C) Relationships. These are basically long-term situations between two beings that, because they involve another independent being, naturally generate unpredictable circumstances and situations that we must respond to
So, the guru tattva actually operates through all of these things. We may feel our inner nature pushing us in a certain direction in life. In order to move in that direction, we may need to dissolve some of the structures that we have previously formed in our lives.
Situations may provoke us to develop certain qualities that were lying previous dormant in us in order to basically survive and not be physical or emotionally broken by these situations.
Relationships also provoke us in many different ways whilst exposing our own unconscious patterns that secretly make us suffer.
So, to repeat, the guru principle operates through all of these things. The guru is also the thing within ourselves that is able to learn and develop through all of this.

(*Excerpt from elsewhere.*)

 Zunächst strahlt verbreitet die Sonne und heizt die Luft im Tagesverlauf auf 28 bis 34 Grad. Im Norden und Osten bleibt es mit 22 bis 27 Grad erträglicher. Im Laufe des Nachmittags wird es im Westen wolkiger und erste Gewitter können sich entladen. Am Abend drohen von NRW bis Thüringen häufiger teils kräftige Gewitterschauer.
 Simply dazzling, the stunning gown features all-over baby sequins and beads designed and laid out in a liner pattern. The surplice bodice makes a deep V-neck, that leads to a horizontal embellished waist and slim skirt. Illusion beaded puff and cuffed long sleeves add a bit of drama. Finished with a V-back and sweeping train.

However, despite all of this information, which is actually quite intuitive, many of us still tend to associate the word guru with another being, a wise human teacher. Is there really such a thing? How would someone become such a being?

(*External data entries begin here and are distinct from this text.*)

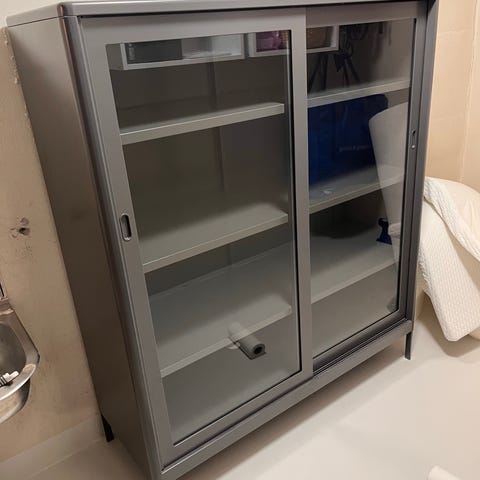 Havsta vitriinikaappi, valkoinen, 121 x 35 x 123 cm. Vasemmassa päädyssä ollut pieni naulakko, josta jää ruuvinreiät. Muuten on siistissä kunnossa.
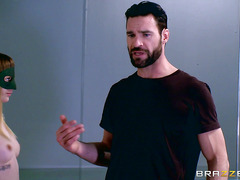 Cassidy Banks and Kenzie Taylor are in a line up with some other girls in the police station and they are wearing their masks. The guy has to pick out the one that mugged him out of the line up by recognizing her by her tits.
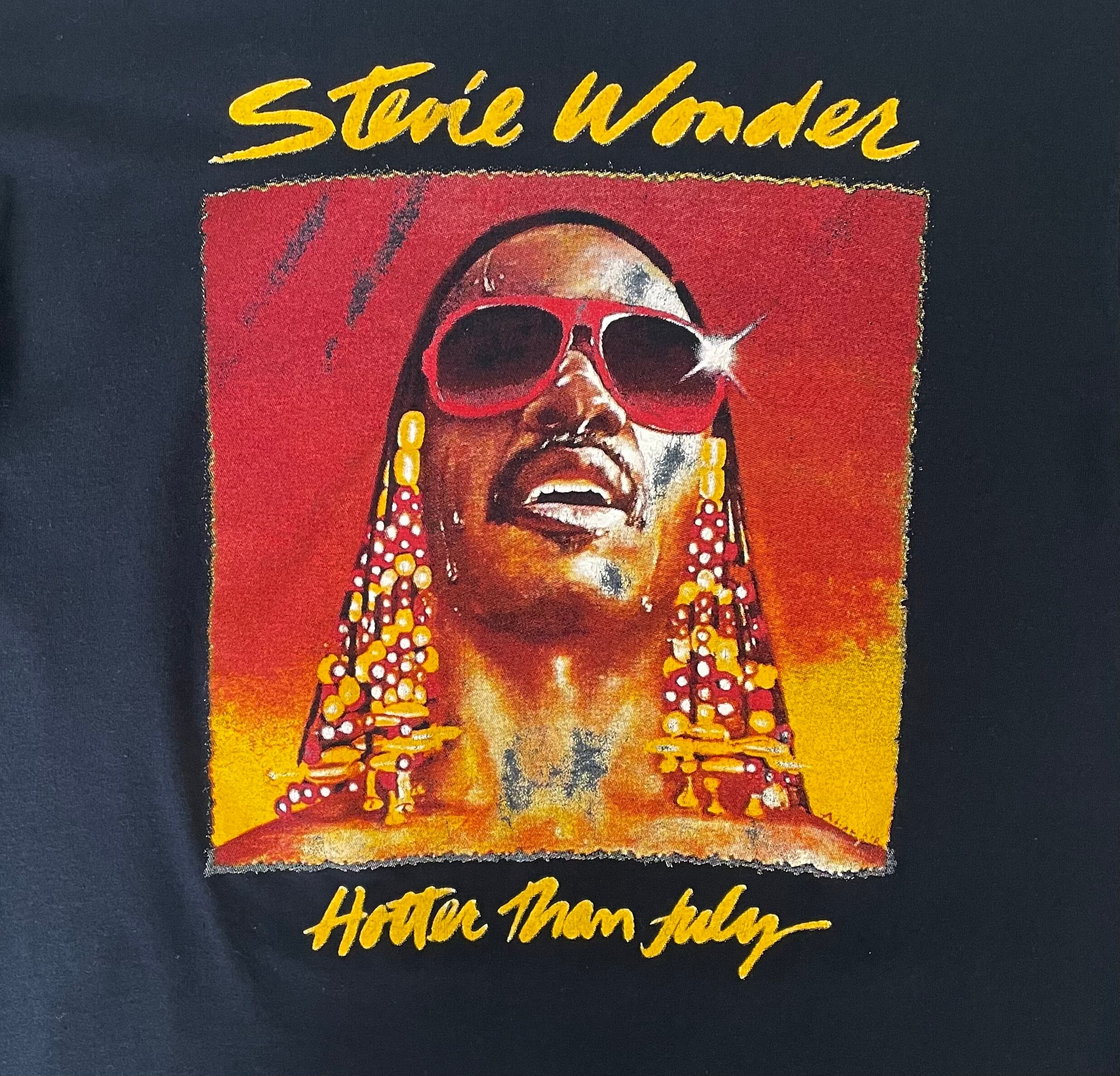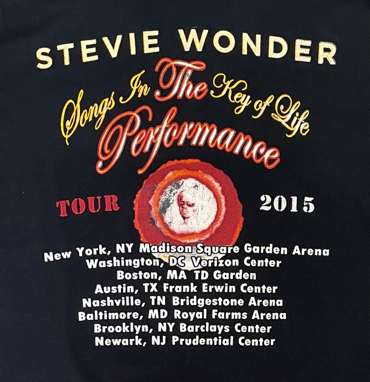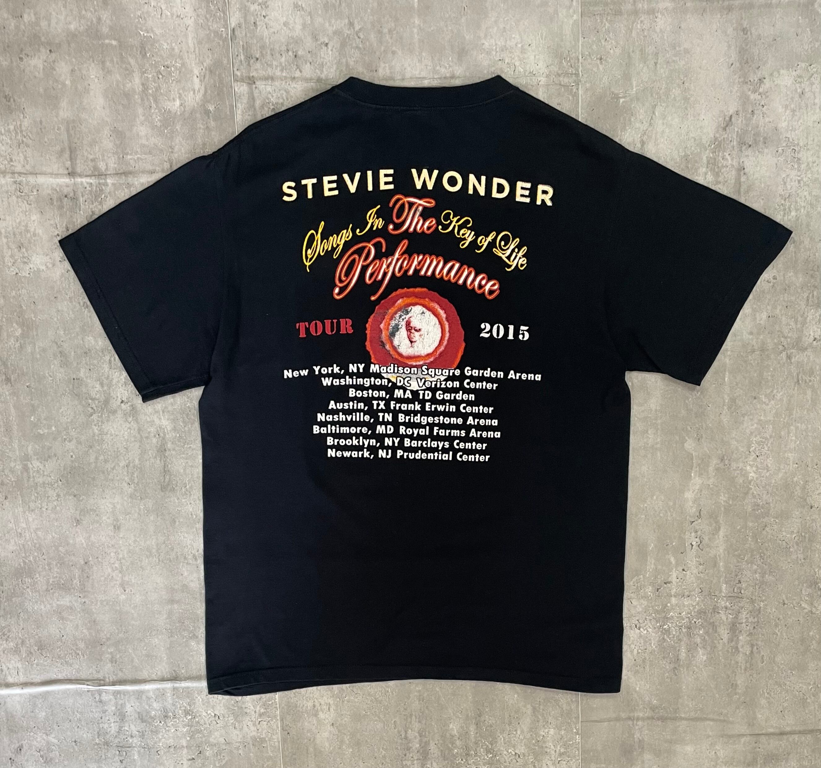 まさに天才アーティスト、スティービーワンダー。こんなに楽しそうに音楽を奏でてみたかったものです。こちらのtシャツは2015年物で古くないですが、雰囲気、グラフィック抜群です。

Let us look again at what the principle of guru is. It is indistinguishable from nature. It is indistinguishable from the intelligence in nature that makes things grow, that makes things remain, and that makes things eventually wither away.

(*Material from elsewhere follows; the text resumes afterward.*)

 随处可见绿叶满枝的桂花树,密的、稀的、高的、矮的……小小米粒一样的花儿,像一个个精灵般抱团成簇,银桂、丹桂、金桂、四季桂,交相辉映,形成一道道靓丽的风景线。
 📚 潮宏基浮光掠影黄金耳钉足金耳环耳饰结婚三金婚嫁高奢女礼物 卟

How can a person ever come to embody these principles? First of all, what we call a person is something that is continually at the mercy of these forces. A person is somebody who believes that they are a fixed body-mind unit. Therefore, when that body begins to age and eventually grows closer to clinical death, that person believes that they themselves are dying. Thus, they are at mercy of nature. Nature makes bodies appear, persevere for some time, and then disappear. By identifying ourselves fully with such bodies, we are clearly under the sway of natural forces.
However, it is also possible to become the master of these forces. This is how the people termed as gurus are born. In short, such beings manage to separate their essence, the fundamental core of existence, from the body-mind that it is temporarily animating. Thus, over time, in their lived experience, they are no longer possessed by the feeling that they are just a body and a body-inhabiting personality structure. By doing this, their identification moves from being a piece of nature, to being nature as a whole; from being a unit, to being a universe (as Mohanji says).
So, in reality, those beings that we can legitimately label as gurus are those who have ceased to experience themselves as a small piece of animated matter that lives and dies under the sway of nature’s whims. They have surpassed this experienced and have come to identify with the whole of nature, with the whole of life. They are now indistinguishable from that which we call as ‘God’—the supreme power of existence that makes everything move, that knows everything, that experiences itself everywhere and as everything.
The presence of such a force in its fully expanded mode within a human being is a remarkable cosmic event. The possibilities of such a being are infinite. We will only see of them what we are capable of seeing as per our perceptual level. Such a being can give everything to us, but, in reality, we will only be able to take as much as we are able to digest.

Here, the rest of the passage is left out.